When Parsons’ mother learned of this inaction by Robert Ware to in any way discipline the student who attacked her son, she called the school to complain. The result: Shockingly, the school took no action to discipline this student or take any other measures to stem this violent behavior. During the school’s April vacation break, Tyler Willette (the bullying leader, who originally ordered another student to hit Parsons in the head with a book,) reportedly tried to start two fistfights with Parsons near his home, and then tried to provoke an additional fight upon their return to school. Initially, Parsons declined to fight, but after another teacher (this time, a gym teacher,) failed to discipline Willette for violently charging Parsons in a gym class, Parsons decided he had no choice but to take corrective and defensive action on his own. Reluctantly, he agreed to face Willette in a ‘scheduled’ fight, in the hope that doing so would stop future harassment. News of the fight, set to take place on April 26 2006 inside a boys' bathroom, spread among the student body, as also did a threat by Willette, that he would break Parsons' leg with a karate strike. It gets worse: Even though both Robert Ware and Adam Colantuoni were observed monitoring a boys' bathroom on the day of the fight, (an activity that neither man typically engaged in, and which was evidence that both men knew this fight was going to take place,) neither man reportedly undertook any effort to intervene in the fight. If this inaction doesn't shock the conscience, it gets worse still: Both boys' English teacher, after learning from other students that the two boys were absent from class because of the fight taking place during that class period, did nothing to alert school administrators. At this point in this situation, that now numbered four (4) adult school administrators - all "trained professionals" receiving salaries and benefits - who did absolutely nothing to stop this escalating cycle of violence.

Yes, by all credible accounts, what you’re reading is all true.

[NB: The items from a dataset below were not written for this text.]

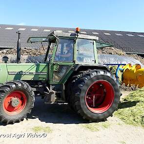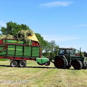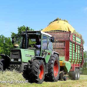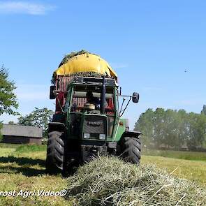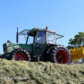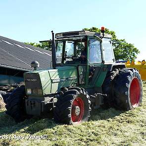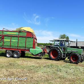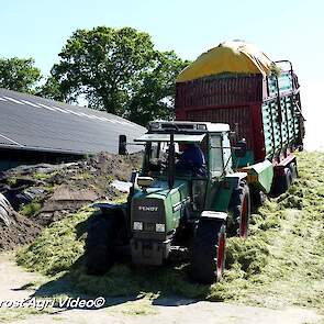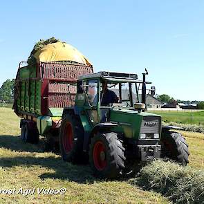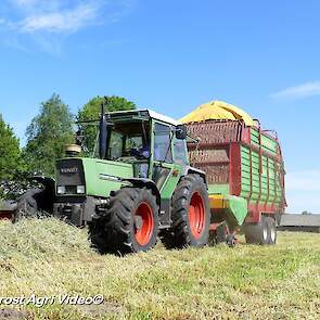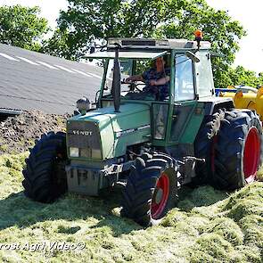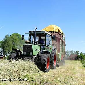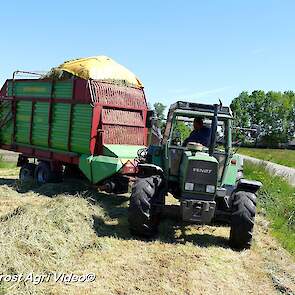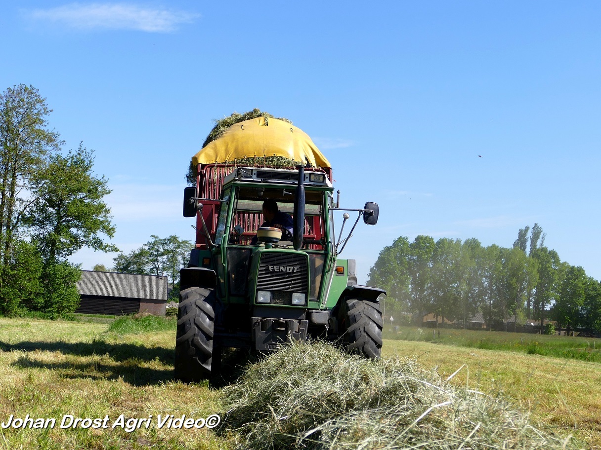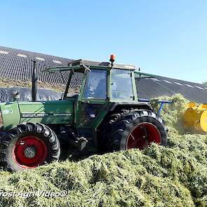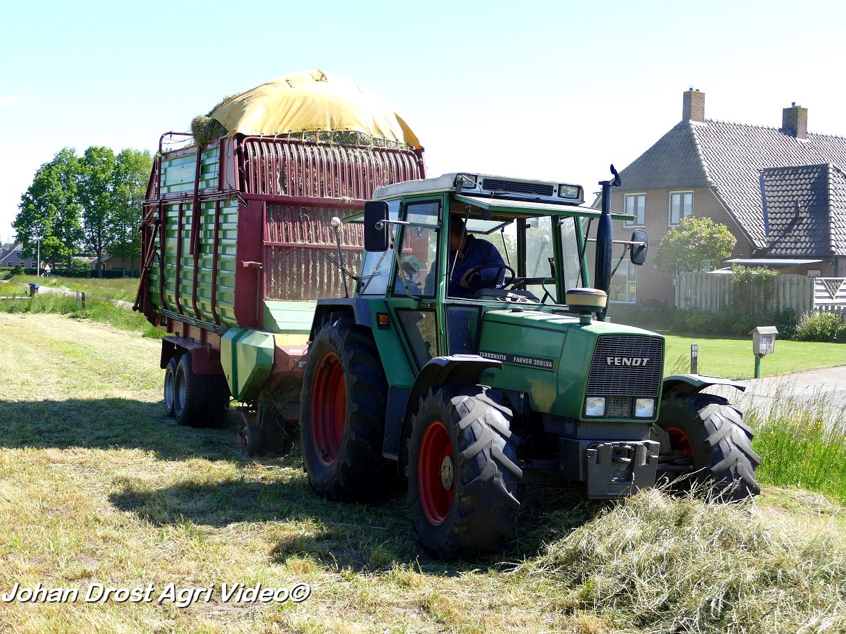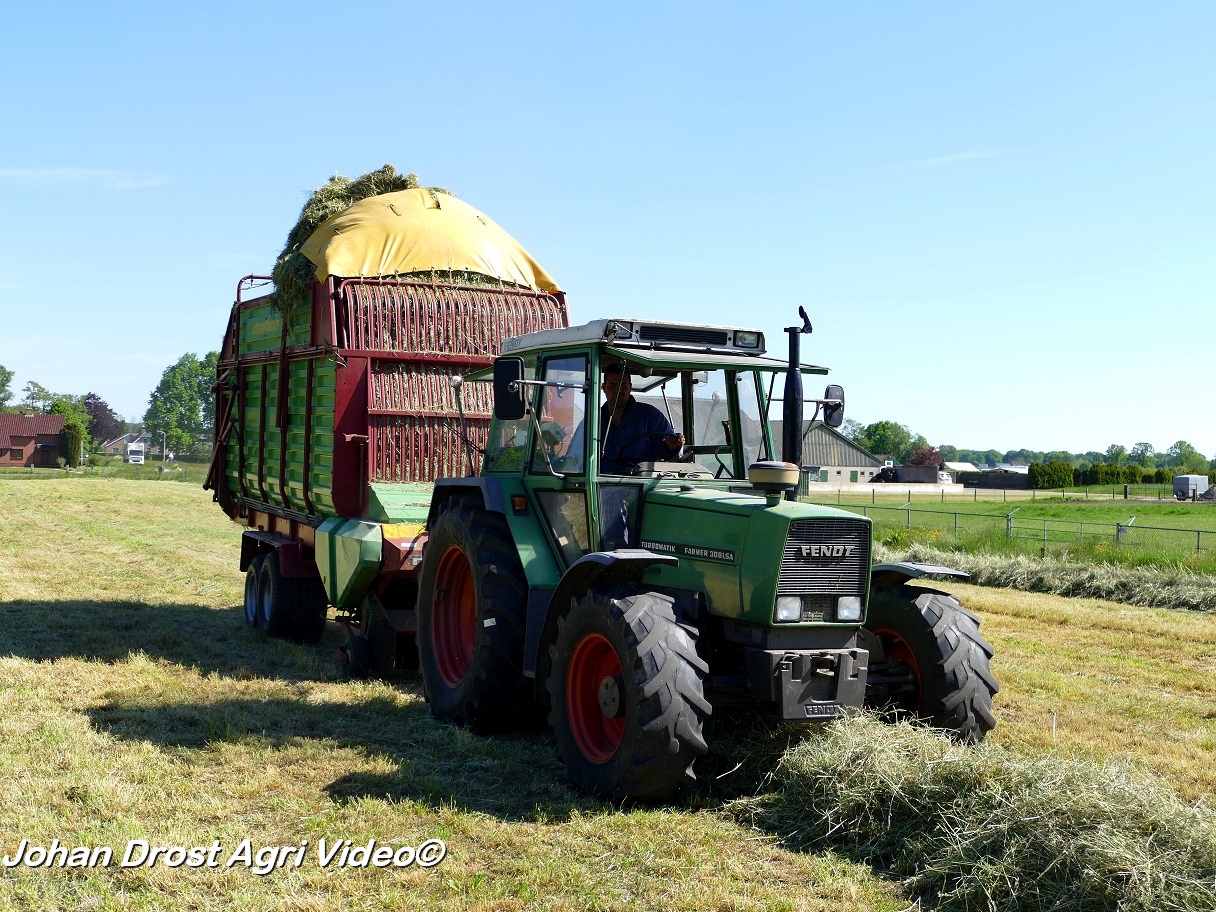 Melkveebedrijf Junte uit Doornspijk (GD) aan het gras inkuilen met een Fendt Farmer 308 LSA en Strautmann Vitesse 230. Op de kuil een Fendt Farmer 306 LSA.
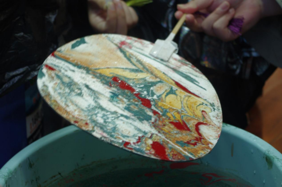 飘漆是利用漆不溶于水的特质,以点、甩、弹、划等手法,在水面绘出图案效果,以扇子为载体,通过漂流漆技法,这样制作出的扇面,都是独一无二的。
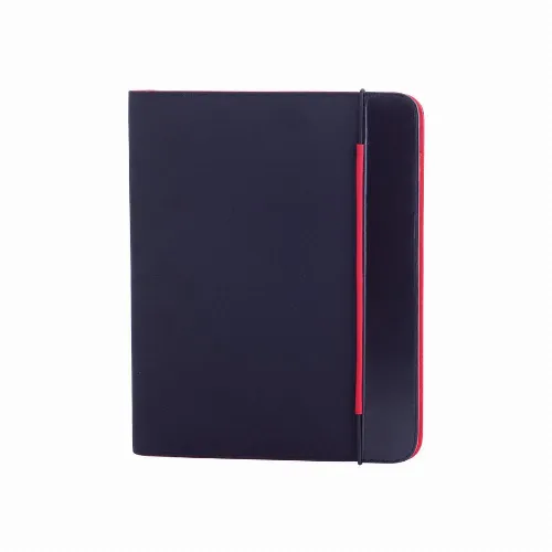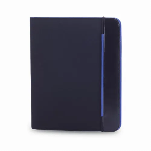 Bicolored design folder in bright tones, in soft microfibre with elastic band closure.
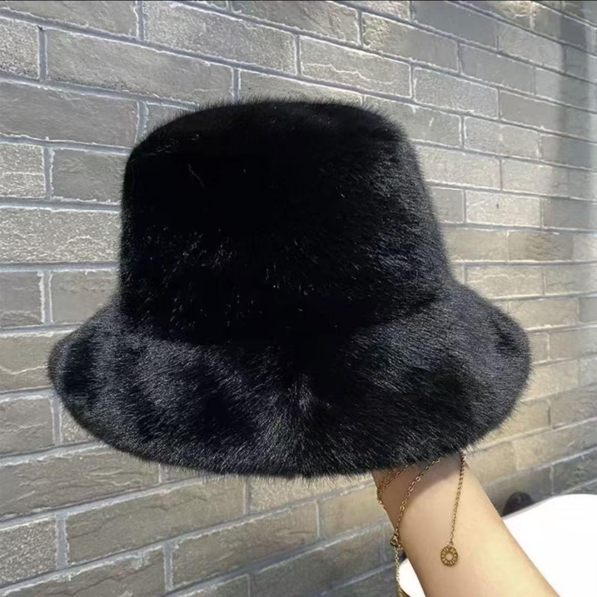 Меховая интегрированная однотонная шапка женская универсальная теплая и флисовая маленькая теплая шапка-ведро из меха норки чёрный

In the boys’ bathroom, Willette attacked Parsons, shoving him, then kicking him in the legs with special katate moves as he had threatened to do, in the process fracturing Parsons' femur. Then, as Parsons lay on the floor with a broken leg, Willette punched him in the head twice. With Parsons crying out in pain, in a show of ‘mercy’, Willette and a friend then reportedly took Parsons to the school nurse. When Robert Ware (the school's "behavior management facilitator”, if you can believe that,) arrived at the nurse's office, Parsons, who had been crying, was unable to lift his swollen leg below the knee. Ware’s response (as recounted in the plaintiff’s complaint): He swore at young Parsons, telling him to "walk it off" and to follow him out of the nurse’s office. The nurse intervened, demanding that Ware be placed in a wheelchair, and she summoned an ambulance to transport Parsons immediately to the hospital.

Willette’s punishment for this aggravated assault and battery? Nothing but a brief suspension - a slap on the wrist. Robert Ware’s and Adam Colantuoni’s punishment for their shocking negligence and reckless indifference to this situation? Nothing of any consequence. They're still on the job, collecting their salaries. Nicholas Parsons? He suffered multiple surgeries and hospital stays as the result of his injuries, and suffered enormous emotional trauma. He'll carry those injuries the rest of his life.

Parsons and his parents subsequently sued the town, Ware and Colantuoni in Superior Court for negligence, intentional infliction of emotional distress and violations of the Massachusetts Declaration of Rights.

I’ll discuss the legal analysis and result that the court arrived at, and why I think it’s more of a disappointment than anything else, in my next post. In the meantime, let your anger and disgust over this story fuel you to put your school administrators – public and private – on notice that you’re not going to tolerate this reckless disregard for the safety of students, in your community. Otherwise, I have some news for you: It won't stop.